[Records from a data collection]
= Beginning of Section =
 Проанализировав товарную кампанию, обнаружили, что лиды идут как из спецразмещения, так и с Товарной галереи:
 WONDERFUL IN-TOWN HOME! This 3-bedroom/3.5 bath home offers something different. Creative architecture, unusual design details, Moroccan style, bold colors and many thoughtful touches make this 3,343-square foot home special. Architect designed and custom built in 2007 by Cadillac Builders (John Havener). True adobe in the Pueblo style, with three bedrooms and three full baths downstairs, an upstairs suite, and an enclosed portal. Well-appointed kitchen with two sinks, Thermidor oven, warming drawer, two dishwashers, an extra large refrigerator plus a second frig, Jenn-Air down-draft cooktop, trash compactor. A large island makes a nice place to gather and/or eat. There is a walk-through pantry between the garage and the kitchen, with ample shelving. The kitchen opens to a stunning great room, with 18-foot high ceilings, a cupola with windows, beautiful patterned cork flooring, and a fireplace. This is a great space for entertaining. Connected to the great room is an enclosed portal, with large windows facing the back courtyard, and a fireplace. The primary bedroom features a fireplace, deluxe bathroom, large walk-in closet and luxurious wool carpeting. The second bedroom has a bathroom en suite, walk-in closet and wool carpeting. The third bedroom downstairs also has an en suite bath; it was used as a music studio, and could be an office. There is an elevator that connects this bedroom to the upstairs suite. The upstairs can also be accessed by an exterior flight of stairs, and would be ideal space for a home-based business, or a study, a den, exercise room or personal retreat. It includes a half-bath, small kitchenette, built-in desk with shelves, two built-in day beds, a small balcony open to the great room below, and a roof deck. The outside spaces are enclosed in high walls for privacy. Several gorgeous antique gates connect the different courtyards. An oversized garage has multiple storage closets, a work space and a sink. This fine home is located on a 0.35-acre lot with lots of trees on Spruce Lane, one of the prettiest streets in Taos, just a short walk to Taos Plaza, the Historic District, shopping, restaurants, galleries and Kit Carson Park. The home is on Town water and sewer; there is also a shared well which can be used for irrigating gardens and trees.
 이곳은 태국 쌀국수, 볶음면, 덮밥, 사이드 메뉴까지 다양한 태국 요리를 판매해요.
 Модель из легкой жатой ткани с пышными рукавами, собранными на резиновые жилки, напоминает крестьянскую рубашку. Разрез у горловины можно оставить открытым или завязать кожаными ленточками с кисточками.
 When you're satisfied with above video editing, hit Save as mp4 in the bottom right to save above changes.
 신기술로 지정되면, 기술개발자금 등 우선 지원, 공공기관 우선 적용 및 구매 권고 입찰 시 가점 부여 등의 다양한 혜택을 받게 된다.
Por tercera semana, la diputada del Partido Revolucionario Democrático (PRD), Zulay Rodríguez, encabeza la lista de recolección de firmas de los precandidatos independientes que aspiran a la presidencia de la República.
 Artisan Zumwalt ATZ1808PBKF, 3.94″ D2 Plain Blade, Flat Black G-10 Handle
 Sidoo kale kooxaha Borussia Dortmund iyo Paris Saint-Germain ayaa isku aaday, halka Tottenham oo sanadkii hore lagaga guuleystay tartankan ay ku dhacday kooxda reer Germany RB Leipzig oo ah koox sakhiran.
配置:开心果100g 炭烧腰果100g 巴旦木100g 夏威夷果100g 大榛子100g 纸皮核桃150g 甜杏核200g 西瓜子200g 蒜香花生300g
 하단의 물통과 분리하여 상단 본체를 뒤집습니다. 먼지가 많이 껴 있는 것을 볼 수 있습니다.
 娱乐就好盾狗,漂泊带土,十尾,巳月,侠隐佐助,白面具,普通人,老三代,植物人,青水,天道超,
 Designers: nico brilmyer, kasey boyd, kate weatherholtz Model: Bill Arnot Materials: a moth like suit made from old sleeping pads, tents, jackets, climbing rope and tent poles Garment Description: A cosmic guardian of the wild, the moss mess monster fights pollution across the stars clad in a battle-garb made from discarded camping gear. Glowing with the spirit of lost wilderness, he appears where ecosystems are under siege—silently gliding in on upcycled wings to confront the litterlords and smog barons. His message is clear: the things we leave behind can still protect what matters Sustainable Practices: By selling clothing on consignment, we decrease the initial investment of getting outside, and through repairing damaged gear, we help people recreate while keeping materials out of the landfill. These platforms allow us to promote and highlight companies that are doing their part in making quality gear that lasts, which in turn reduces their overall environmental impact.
= End of Section =
__Problem statement__: Find "하단의 물통과 분리하여" in the entries above and copy that whole line exactly, then each line after it through the line that contains "娱乐就好盾狗,漂泊带土,十尾".

__Task output__:
 하단의 물통과 분리하여 상단 본체를 뒤집습니다. 먼지가 많이 껴 있는 것을 볼 수 있습니다.
 娱乐就好盾狗,漂泊带土,十尾,巳月,侠隐佐助,白面具,普通人,老三代,植物人,青水,天道超,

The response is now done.